Les deux années précédentes, elle n’était pas là pour La Marseillaise des femmes. Mais elle espère bien pouvoir prendre le départ de la course cette année. D’autant que Djida en parle avec beaucoup d’enthousiasme. Fière d’y avoir participé et d’avoir été prise en photo. « On est souvent le plus grand groupe, on monte sur scène, elles récupèrent une coupe, témoignent, nous éclaire Pascale Balian, c’est valorisant. » ♦

Bonus
  • L’Union des Centres Sociaux des Bouches-du-Rhône. L’Union des Centres Sociaux des Bouches-du-Rhône (UCS 13) soutient et accompagne l’évolution de 52 centres sociaux (dont 28 à Marseille) et trois espaces de vie sociale de son territoire. Tous adhérents volontaires. Ces centres sont majoritairement gérés par des associations d’habitants appuyés par des équipes de professionnels. L’UCS 13 est membre de l’Union Régionale des fédérations des centres sociaux Paca.

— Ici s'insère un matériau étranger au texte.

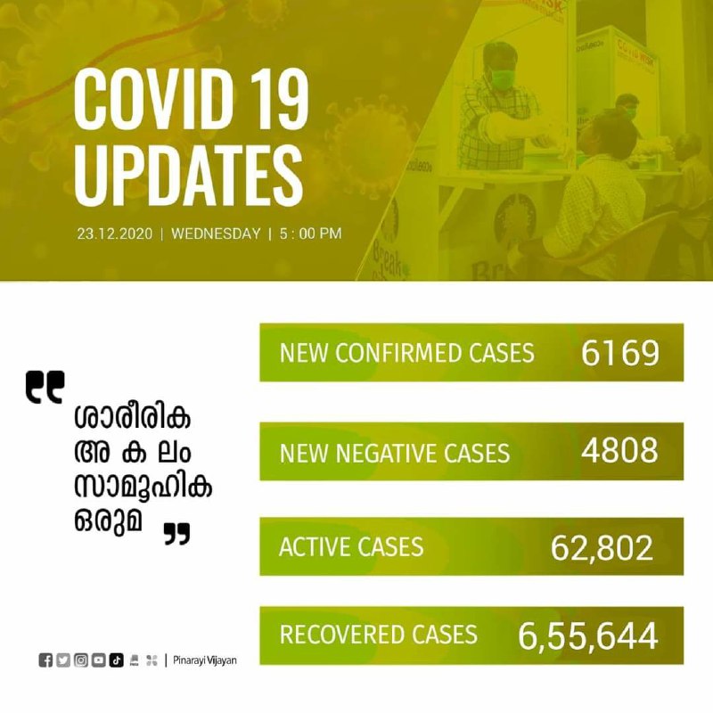 സംസ്ഥാനത്ത് ഇന്ന് 6169 പേര്ക്ക് കോവിഡ്-19 സ്ഥിരീകരിച്ചു. എറണാകുളം 953, കോട്ടയം 642, കോഴിക്കോട് 605, തൃശൂര് 564, മലപ്പുറം 500, കൊല്ലം 499, ആലപ്പുഴ 431, പത്തനംതിട്ട 406, തിരുവനന്തപുരം 404, പാലക്കാട് 367, വയനാട് 260, ഇടുക്കി 242, കണ്ണൂര് 228, കാസര്ഗോഡ് 68 എന്നിങ്ങനേയാണ് ജില്ലകളില് ഇന്ന് രോഗ ബാധ സ്ഥിരീകരിച്ചത്.
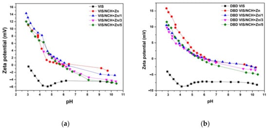 Zeta potentials of unmodified (a) and DBD-modified (b) viscose fabrics before and after functionalization with NCH+Zn. Part of results previously published in [,,].
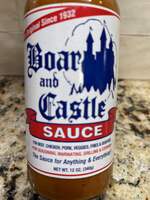 Boar & Castle Sauce in 12 oz. bottle (the one and only original!) Perfect sauce for hamburgers and is a great dip for fries and for fried and broiled veggies. The aromatic, tangy flavor of this sauce is incredible with pork, poultry, ground meat dishes such as meatloaf, and of course, steak.
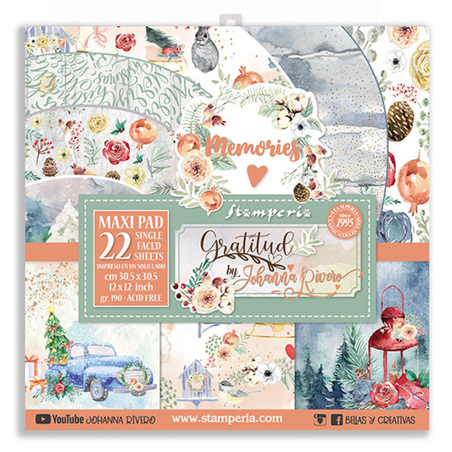 Stamperia Block 10 sheets 20.3x20.3 (8”x8”) Double Face Gratitud
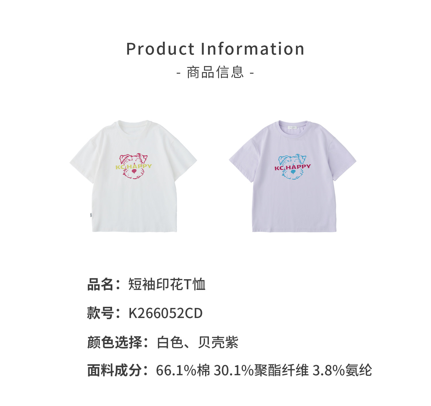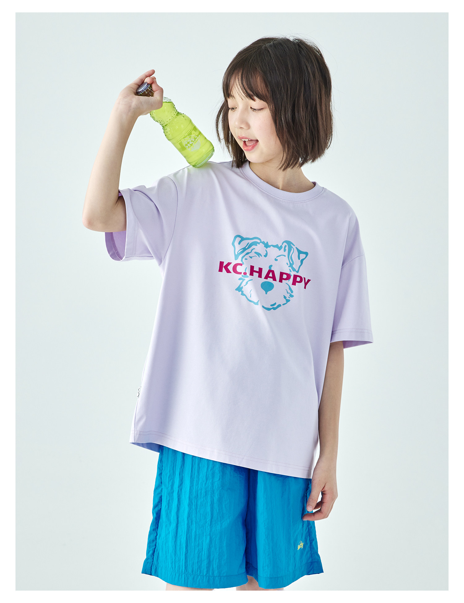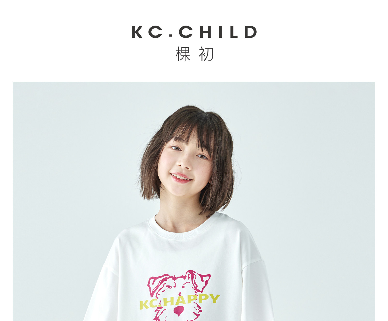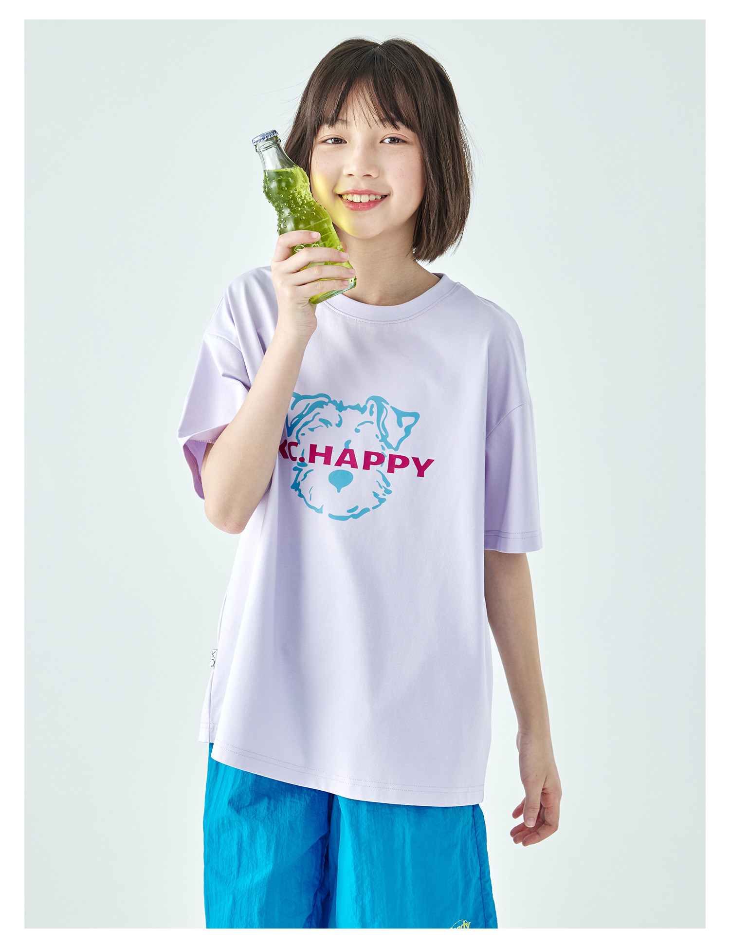 棵初26年夏季新款中大女童小狗印花凉感T恤7A抗菌UPF50+防晒短袖
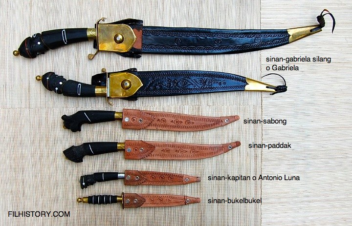 Your question raises a few important points, and I want to take a little space to discuss Ilocano knives and their description by that ethnic group, and also make a few comments about Pampangan knives. First, why are the knives that are shown here Ilocano? In a very helpful post on this site in 2010, migueldiaz provided some key information and an important reference about Ilocano knives (see here). In that thread he posted the following pictures and descriptions of Ilocano knives (the examples were modern made knives but come from a long tradition of similar knives). Apparently, the Ilocano nomenclature he provides was based largely on the hilt style, and he provides the names for a dozen different styles. Here are the Ilocano terms for those styles: kinakandon: a blade which form was inspired by the palay (rice plant) leaf => am still getting a photo of this blade [Comment: this blade style is called dahong palay and is discussed elsewhere on this site along with pictures of examples with this blade style--see here, here, and here]And here is his picture illustrating some of these types of knives: http://www.vikingsword.com/vb/attach...id=60025&stc=1 If you look at the examples of tabak knives shown here, you will see that each has a hilt that fits with the descriptions provided by migueldiaz. Of particular interest is the first example I showed in the original post of this thread. It would be called a sinan-kapitan, and as far as I know this particular depiction of an officer wearing a cap is uniquely Ilocano. The second example I showed would be called a sinan-sabong. Your example, shown in the thread that you linked, shows a spirally wired hilt, and might be what migueldiaz describes as a linipit. This collective evidence argues, I think persuasively, that the tabak knife is mainly an Ilocano weapon/tool. Whether it is also produced by Pampangans is not clear, and we actually know very little about the knives of Pampangas. Apart from the knives marked as coming from Apalit, I have found relatively little information about the knives of Pampangas. To some extent the identification of knives specific to the Pampangans has been complicated by the presence of the U.S. Clark AFB in the Province. In threads elsewhere on this site, we have seen that Ilocano knives were marketed extensively to U.S. servicemen from the mid-1940s until the base closed in 1991 following the eruption of Mt. Pinatubo. The base was only three miles from the city of Angeles that sits on the main north-south highway in Central Luzon. It is only 30 miles along this highway from Angeles to the Province of Pangasinan, which has a large population of Ilocanos. It would be a short trip to bring knives from Pangasinan to Angeles for sale to the Americanos. It is also possible that Ilocanos took up residence in Angeles and made knives there. This raises an important consideration in how we reference knives like these. Do we attribute them to the culture of origin or the place where they were acquired? If we choose the culture of origin, then the tabak appears to be an Ilocano weapon/tool. If we reference these to where they were likely purchased or otherwise acquired, then they could be considered Pampangan. Hope this is helpful. Ian. ----------------Attachment---------------- Here is the picture from the thread of migueldiaz showing various Ilocano knives and their distinguishing hilt shapes. . Last edited by Ian; 9th April 2017 at 01:00 AM. Reason: Added pic and some more comments, links |
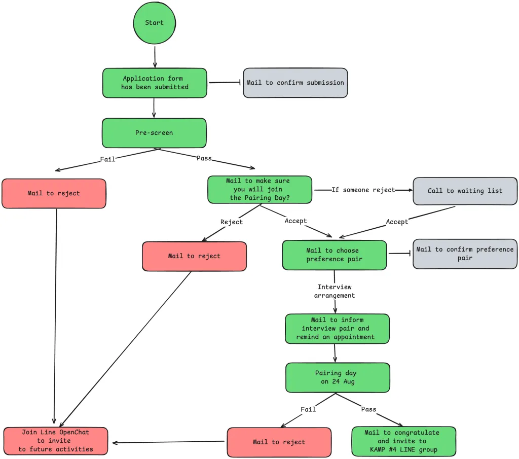 เริ่มจากผู้สมัครกรอกใบสมัครเข้ามาผ่าน Google Fom จากนั้นจะเข้าสู่รอบ Pre-screen จะมีทีมงานที่อ่านใบสมัครและให้คะแนน เพื่อคัดเข้าสู่รอบ Pairing Day (การสัมภาษณ์ On-site โดย Mentor)

  • L’appel à projets Impact 2024. Créé à l’approche des Jeux olympiques, le Fonds de dotation Paris 2024 attribue le label Impact 2024. Il soutient des projets d’intérêt général qui utilisent l’activité physique et sportive comme outil d’impact social.
  • La Marseillaise des Femmes. Cette course (ou marche) de 5km réservée aux femmes (et aux hommes participant avec une femme) est née en 2010 et aura lieu le 26 mai prochain. Elle véhicule « des valeurs sportives, festives et de bien-être, dans un esprit solidaire ». Le parcours court, au cœur de Marseille, doit permettre au plus grand nombre de participer. Par ailleurs, l’événement soutient la défense des droits des femmes et la recherche médicale sur le cancer du sein.
  • L’Algernon. Cette course inclusive et intergénérationnelle mêle sportifs valides et en situation de handicap sans distinction aucune. Elle offre la possibilité de choisir entre trois parcours « vue sur mer » de 5, 10 et 15 km. Ce qui la rend accessible aux sportifs occasionnels comme confirmés, les
    5km pouvant être réalisés en marchant. Elle est programmée le 13 octobre prochain pour sa 40e édition.